La chiaccherata finì lì, Karena mi lasciò andare a prepararmi per l'arrivo dei visitatori, anche se ormai sapevo benissimo quello che dovevo fare.

I visitatori continuavano a guardare ammaliati le varie opere d'arte del museo, notai anche che alcuni ragazzi, che probabilmente frequentavano il primo anno delle superiori, si misero a ridere guardando il ritratto di Van Gogh (forse trovavano spiritoso il suo orecchio "mancante"...ma per me non lo era affatto!) e vidi poi la loro professoressa rimproverarli. Il giro continuò quando mostrai ai visitatori i quadri di Rembrandt, Monet, Manet, Gauguin, Cezànne e infine Picasso. I ragazzi rimasero impressionati da uno dei suoi quadri, e una alunna mi chiese in che periodo dipinse quel quadro. Le spiegai il periodo preciso cercando di non annoiarla troppo, ma al contrario era affascinata, e fui contenta di constatare che c'era qualcuno tra quegli studenti che non era venuto al museo solo per passatempo, ma per sapere di più sui capolavori dei vari autori esposti.

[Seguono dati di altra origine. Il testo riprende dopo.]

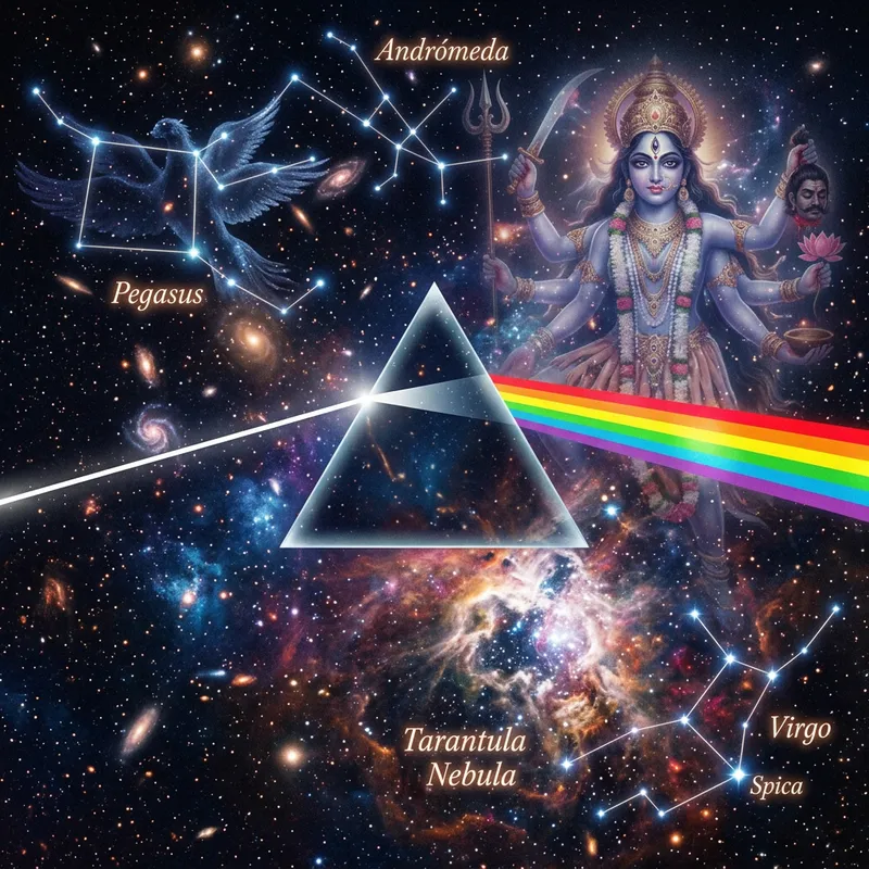 Create an image reminiscent of a famous album cover, where light refracts from a prism. The background should not be black, but rather provides a universe scene showing four constellations, specifically Andrómeda, Pegasus, Tarantula Nebula, and Virgo. In addition, include a gently faded image of a deity associated with creation, preservation and destruction, known for her multiple arms and the third eye.

Arrivò presto l'ora di pranzo, e mi diressi al bar ristorante dove andavo di solito per ordinare qualcosa da mangiare. Quel giorno mi ero portata dietro lo smartphone che mi avevano regalato alcuni compagni d'università per il giorno del mio compleanno e...ripensai al sogno. Curiosa di sapere che cosa significava la parola "Azoth" decisi di fare una ricerca sul browser.

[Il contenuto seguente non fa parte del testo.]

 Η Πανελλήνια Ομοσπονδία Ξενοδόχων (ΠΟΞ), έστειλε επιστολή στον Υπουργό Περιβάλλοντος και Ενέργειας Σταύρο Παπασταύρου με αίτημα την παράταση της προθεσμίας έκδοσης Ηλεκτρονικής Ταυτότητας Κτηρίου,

"L'azoth viene considerato come medicina universale in alchimia. Viene rappresentato dal simbolo del Caduceus e diventò una parola poetica per l'elemento mercurio...." Continuai a leggere l'articolo comprendendo piano piano il significato di quella parola. Mi ricordai che in passato un insegnante di scienze alle superiori ci parlò in una lezione dell'alchimia, della "pietra filosofale" di Flamel e di molto altro ancora. Ma non ci parlò di questo. Evidentemente questo azoth probabilmente lo si cercava per scopi personali che sicuramente non erano a fin di bene.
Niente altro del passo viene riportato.